Neoligaments Infinity-Lock Button System Anwendung Seite 5

• The general principles of patient selection
and sound surgical judgement apply to the
reconstruction procedure. Do not use the device
for procedures which do not necessitate surgical
intervention, including Type I and II injuries.
• In revision cases where the recommended
position of the bone tunnel has been
compromised there is a risk that the more oblique
direction of the repair could cause the device to
fail.
• There is limited data on the use of the device for
chronic injuries and as such treatment of chronic
injuries should be based on professional user
judgement.
MRI Information
MR Conditional
Non-clinical testing demonstrated that the Infinity-Lock
Button System is MR conditional.

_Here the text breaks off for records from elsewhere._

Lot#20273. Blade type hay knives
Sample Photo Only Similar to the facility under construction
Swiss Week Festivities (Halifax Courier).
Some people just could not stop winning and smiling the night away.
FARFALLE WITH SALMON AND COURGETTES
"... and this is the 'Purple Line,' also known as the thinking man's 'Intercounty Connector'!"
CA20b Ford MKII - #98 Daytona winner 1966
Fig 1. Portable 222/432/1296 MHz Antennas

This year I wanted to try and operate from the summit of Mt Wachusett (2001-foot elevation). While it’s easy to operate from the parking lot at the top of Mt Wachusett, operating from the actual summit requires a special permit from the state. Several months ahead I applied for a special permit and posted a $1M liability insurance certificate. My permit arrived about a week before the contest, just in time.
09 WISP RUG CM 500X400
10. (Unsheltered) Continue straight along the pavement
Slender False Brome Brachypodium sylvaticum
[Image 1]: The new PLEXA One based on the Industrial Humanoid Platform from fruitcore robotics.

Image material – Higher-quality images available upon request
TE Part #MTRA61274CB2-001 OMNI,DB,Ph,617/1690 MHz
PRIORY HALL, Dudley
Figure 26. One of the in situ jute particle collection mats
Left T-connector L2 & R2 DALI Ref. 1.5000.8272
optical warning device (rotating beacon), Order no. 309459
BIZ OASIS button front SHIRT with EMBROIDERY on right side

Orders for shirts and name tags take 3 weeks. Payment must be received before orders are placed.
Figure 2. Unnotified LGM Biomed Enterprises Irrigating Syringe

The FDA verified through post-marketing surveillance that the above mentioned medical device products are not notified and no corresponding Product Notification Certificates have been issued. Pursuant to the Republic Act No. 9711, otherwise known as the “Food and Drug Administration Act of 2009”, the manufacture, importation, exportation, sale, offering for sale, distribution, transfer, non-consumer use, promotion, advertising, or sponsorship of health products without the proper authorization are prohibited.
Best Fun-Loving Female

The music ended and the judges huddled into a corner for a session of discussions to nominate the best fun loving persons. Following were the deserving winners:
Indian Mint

A patient with this
device can be scanned safely in an MR system under
the following conditions:
• Static magnetic field of 1.5-Tesla and 3-Tesla, only.
• Maximum spatial gradient magnetic field of
4,000-Gauss/cm (40-T/m)
• Maximum MR system reported, whole body
averaged specific absorption rate (SAR) of 2-W/
kg for 15 minutes of scanning (i.e. per pulse
sequence) in the Normal Operating Mode.
Under the scan conditions defined, the Infinity-Lock
Button System is expected to produce a maximum
temperature rise of 1.5 °C after 15 minutes of
continuous scanning (i.e. per pulse sequence).
In non-clinical testing the image artefact caused by the
Infinity-Lock Button System extends approximately
15-mm from this implant when imaged using a gradient
echo pulse sequence and a 3-Tesla MR System.
Precautions
Packaging:
• The device is supplied pre-packaged and sterile.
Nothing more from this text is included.